# Should I get another puppy - or not? (video)



## rudy's gal (May 8, 2011)

Rudy's breeder came by last night with some of his half-siblings. OMG you guys. RIDICULOUSLY CUTE. So cute it makes me all warm and fuzzy inside! Rudy had a great time, basically being a 10 month old puppy himself. And when he finally got annoyed an hour later, he just went on the couch where they couldn't get him. 

ANYWAY, seeing the puppies and being reminded of what my Rudy was like when he came home last December and watching him run and play with the babies ... it made my heart squeeze. And of course most of them were super lovey and wanting to be held and kissed.

I don't know if I actually want another, or if I've just caught puppy fever from them and want another without thinking about it. Rudy DOES love other dogs, but something also tells me he enjoys being the center of attention - with the puppies he didn't seem to care when I picked them up and pet them, but with older dogs he can get jealous (not snappy, just kind of pushy, ie trying to push them away to get to me).

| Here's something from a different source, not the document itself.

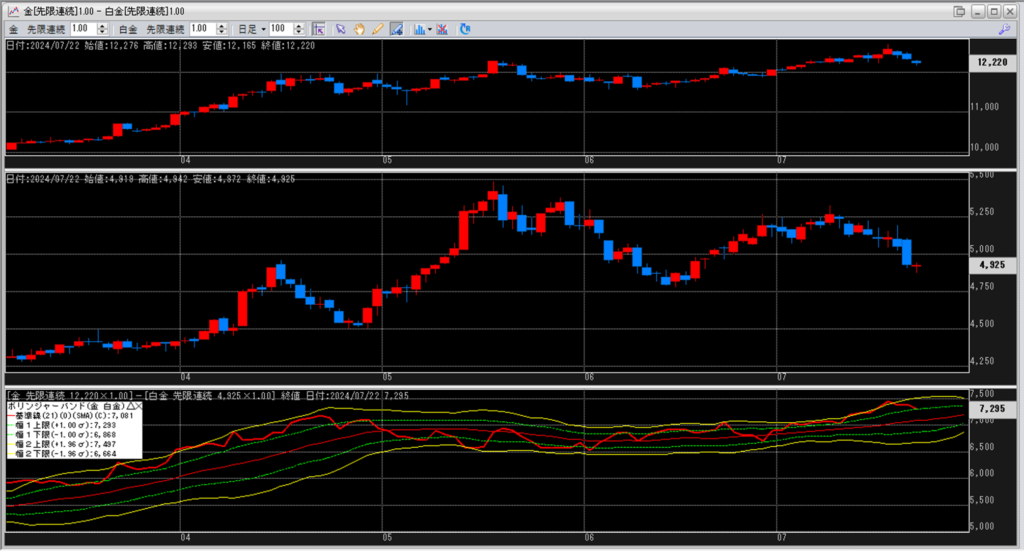 金白金の鞘をボリンジャーバンドで見ていきます。
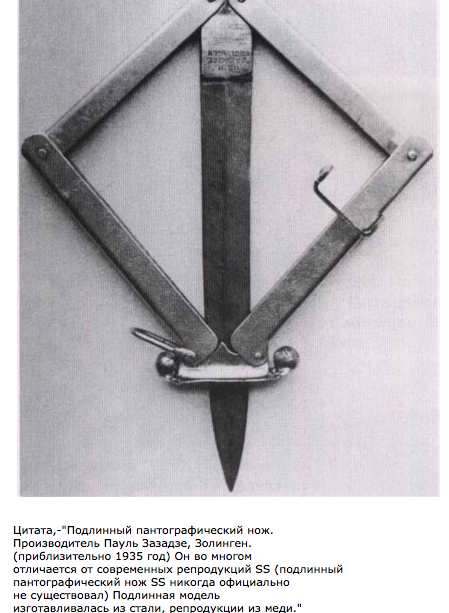 "Подлинный пантографический нож. Производитель Пауль Зазадзе, Золинген..." На бритвенном форуме нашёл историю этого "производителя из Золингена". Вольный перевод статьи с турецкого сайта с эмоциями автора поста на бритвенном форуме : "Прелесть какая, почитал я статейку на турецком. Молодец Павел Задзадзе! Прям герой! Поехал учиться в Стамбул (батя деньжат подбросил), да в 17-м так там и остался (Революция помешала). Ну и попёр у него бизнес. Создал British Steel Mamulatı Халис Store. И у него не было проблем с импортом товара из Германии. Зато с производством были большие проблемы. Продавал всё подряд - бритвы, ножи, ножницы, парикмахерские машинки, газовые плитки. С 30-года вроде как даже начал производство лезвий и косметики. В основном он варил мыло (под маркой ZAZA), и производил всякие тальки и т.п. За что наполучал медалей на выставке в Германии в 1930-м году. Бритвы, ножницы и машинки для волос он импортировал из Германии, Англии и Швеции, позднее ещё из Франции. В общем и целом он был большой молодец. В 1960-м его в Ватикане удостоили великого звания - Komandatörü . А 1989 году этот рыцарь скончался. В общем так я понял этот текст. Резюме: В Турции никогда опасные бритвы не производились, а представленная на фото бритва - C. Friedrch Ern, сделанная для Павла Задзадзе по его заказу." Турецкие ятаганы и прочие орлы, терзающие змей (видимо нанесённые позже) на бритвенные лезвиях, прилагаются.

I read that with two dogs, the dynamic changes, and they tend to bond more strongly with each other than with you - selfishly, this bothers me, of course.

I don't know, sorry to go on and on, but this is something I have worried about - yet I would love another one. :love4: I'll post some pics later as well when I get home.

Here is the vid of Rudy playing with them - sorry the quality isn't fabulous


----------



## OurCheekyChihuahuas (Nov 18, 2009)

Aww theyre adorable! You may just be getting broody! lol ive been broody for months when ive been looking for a puppy! They have to establish their own little pecking order though. Have fun choosing if you do decide! I like the little black one like him!


----------



## jazzman (Apr 8, 2009)

I think two ( or more ) dogs is great, and I haven't experienced them bonding more to each other than to me.

You should consider that there will be twice as much of everything -
2x the bills, the food, the pooh, the chewing, the playing, and the love.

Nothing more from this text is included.